By AI News Crypto Editorial Team9 min read

Spot bitcoin vs spot ethereum etf comes down to the same wrapper with different hidden frictions: both charge fees and can show tracking error, but spot ETH ETFs also give up staking rewards and may eat extra trading costs from cash-only creations. If the goal is simple brokerage exposure, the decision is less “BTC vs ETH” and more “which set of costs and constraints are acceptable for the convenience.”

Key Takeaways

  • Both spot Bitcoin and spot Ethereum ETFs are a spot etf wrapper that aims to track a crypto’s price by holding the underlying coin, while investors hold ETF shares in a brokerage account.
  • Spot Bitcoin ETFs began trading in the US in January 2024 after SEC approval, while spot Ethereum ETFs debuted on July 23, 2024 with nine launches.
  • A spot ETH ETF is spot ETH exposure without ETH ETF staking, which Morningstar frames as giving up roughly 2–4 percentage points per year in average staking rewards.
  • ETFs trade during normal stock-market hours, so “spot exposure” through an ETF can turn weekend crypto moves into gap risk at the next open.

How spot BTC and ETH ETFs differ

The cleanest way to compare a Bitcoin vs Ethereum ETF is to treat both as the same chassis and then look at what changes when the underlying asset changes. Both products are designed to give price exposure through a brokerage account without requiring the buyer to buy and store coins directly. That’s the same core promise you see in any “what is a spot bitcoin etf” explainer, and it applies just as well to a spot ETH ETF.

Where the divergence starts is the carry and the plumbing. Bitcoin does not have a native staking yield in the way Ethereum does, so a spot Bitcoin ETF’s main structural drags are the explicit fee and whatever tracking error shows up from how the fund operates and how the ETF trades. Ethereum, by contrast, has a built-in staking return under proof-of-stake. Morningstar cites average annual ETH staking rewards of roughly 2–4 percentage points, and the SEC-approved spot Ethereum ETF filings disallowed staking. That means the ETH ETF can be structurally “spot ETH minus yield,” even before talking about expense ratios.

A second difference is how the initial US spot Ethereum ETFs were allowed to create and redeem shares. Morningstar reports the SEC approved only cash creations and redemptions for spot Ethereum ETFs, at least initially. Cash-only flows force the fund to buy or sell ether when shares are created or redeemed, which can introduce trading costs inside the product and slightly erode performance. Morningstar is explicit that the size of that drag remains uncertain.

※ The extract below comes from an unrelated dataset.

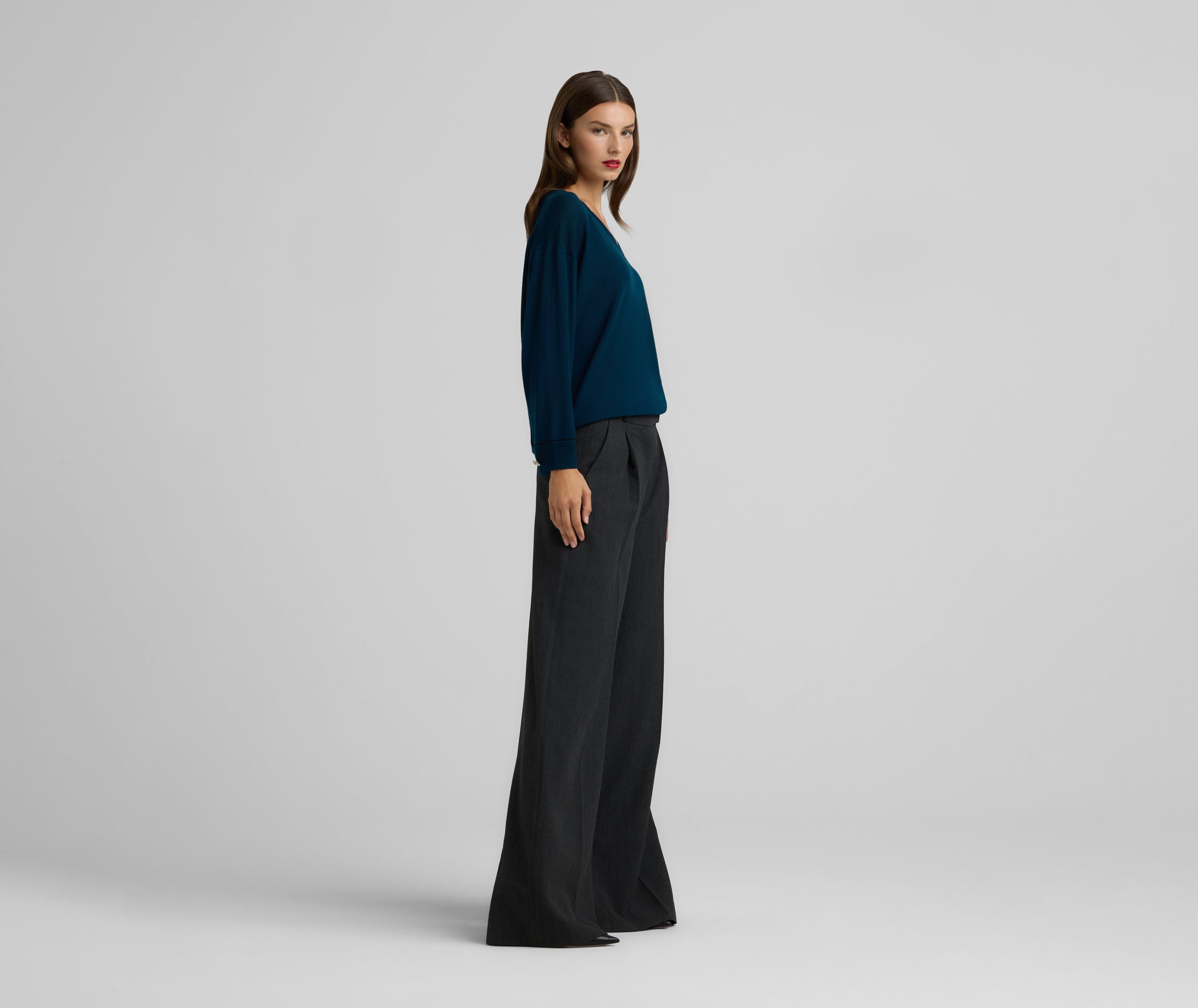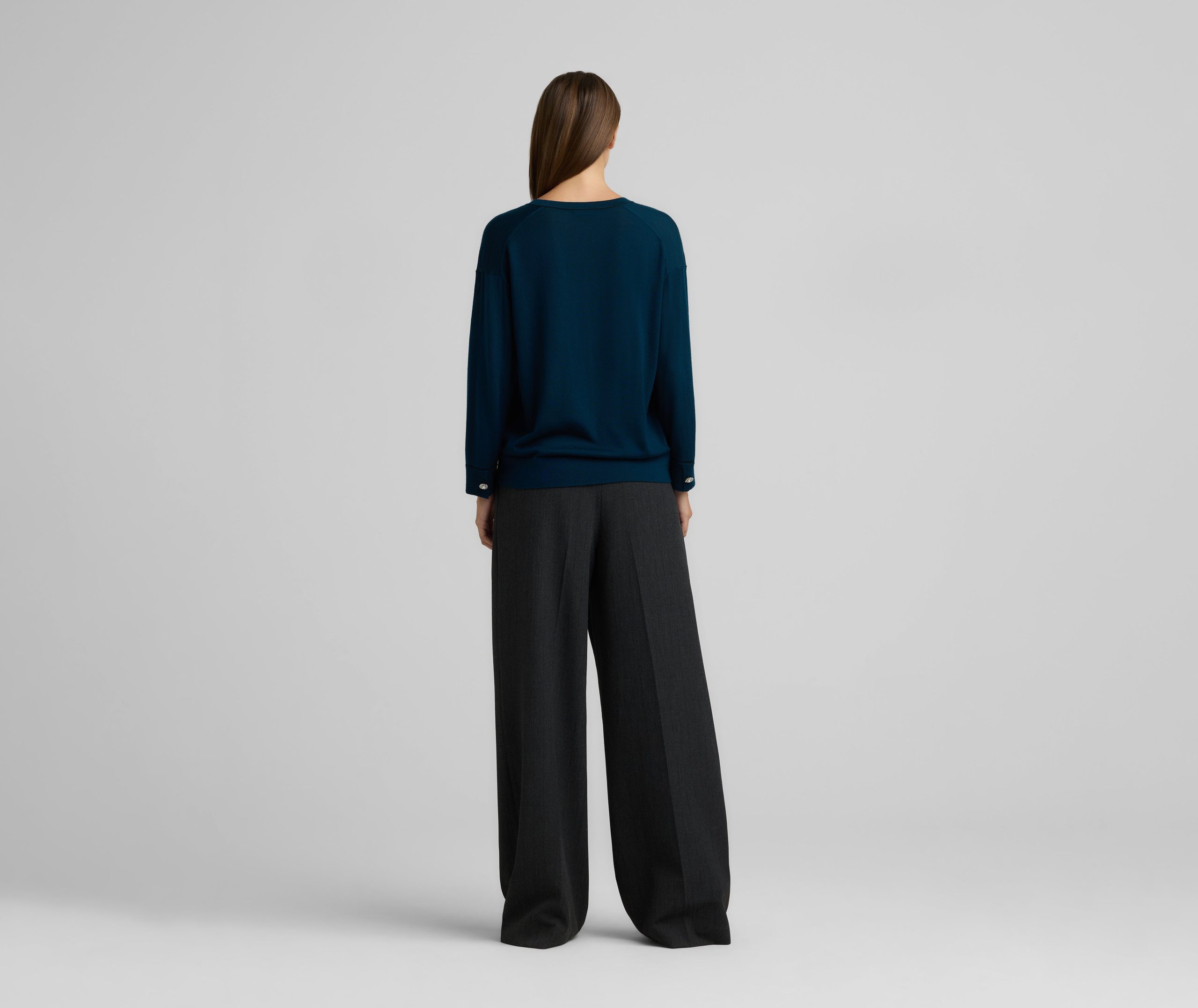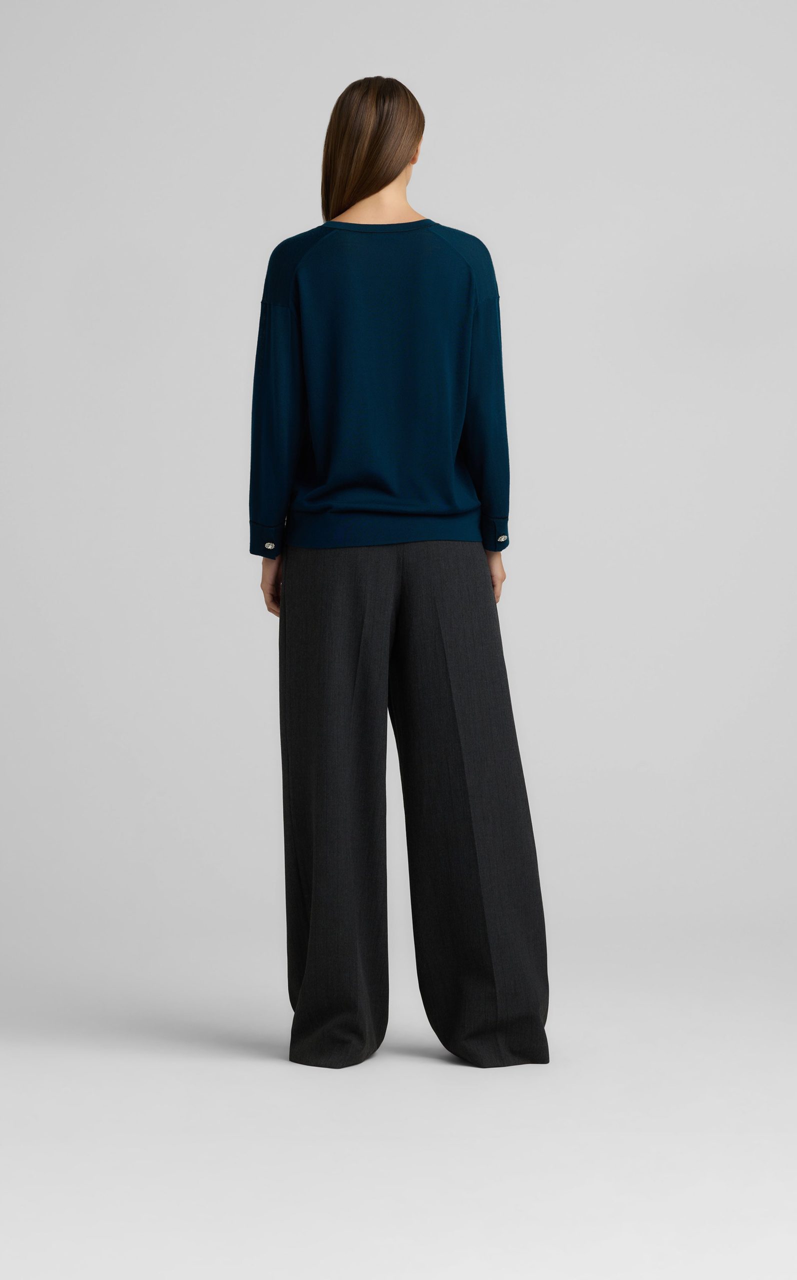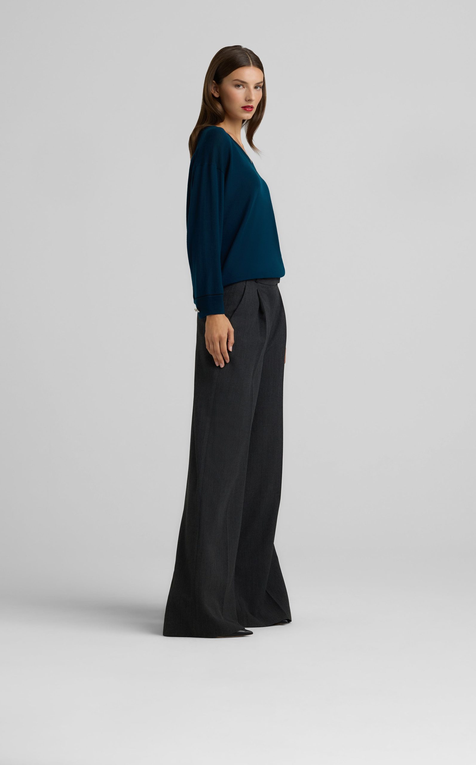 An effortlessly cool relaxed fit sets the tone for this staple V-neck sweater with accented trims, knit in Merino wool for a soft and warm fit.All Sales are Final. No Returns or Exchanges.

Side-by-side, the comparison looks like this:

1. Underlying asset: BTC vs ETH. 2. Embedded carry: none for BTC, staking yield opportunity cost for ETH. 3. Share plumbing: both use the ETF wrapper, but ETH launched with cash-only creations/redemptions per Morningstar. 4. Utility: neither gives on-chain utility like transfers or staking.

How spot crypto ETFs track prices

Between a click on a brokerage ticket and the ETF’s price staying close to the coin, there’s a mechanical loop that matters more than most fee tables. Spot crypto ETFs are designed to track a coin’s spot price by holding the actual asset rather than futures contracts. Robinhood’s framing is blunt: you’re buying shares in a fund, not the coin itself, and the ETF can still experience tracking error.

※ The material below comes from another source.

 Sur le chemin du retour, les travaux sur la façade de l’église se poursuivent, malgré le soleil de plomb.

The alignment mechanism is the create-and-redeem process. Ledger’s description of spot Bitcoin ETFs is the canonical version: the fund holds BTC to back shares, and it can create or redeem shares to help keep the ETF price aligned with bitcoin. When that loop works smoothly, large deviations between the ETF share price and the value of the underlying holdings tend to get arbitraged away by market participants who can interact with the creation/redemption process.

Tracking error still happens because the ETF is a traded security with its own microstructure. Robinhood flags the two big drivers retail actually feels: management fees that steadily shave returns, and price divergence between the ETF and the underlying crypto. The divergence can show up as small day-to-day noise, or as more visible gaps when liquidity is thin or when the underlying moves hard outside market hours.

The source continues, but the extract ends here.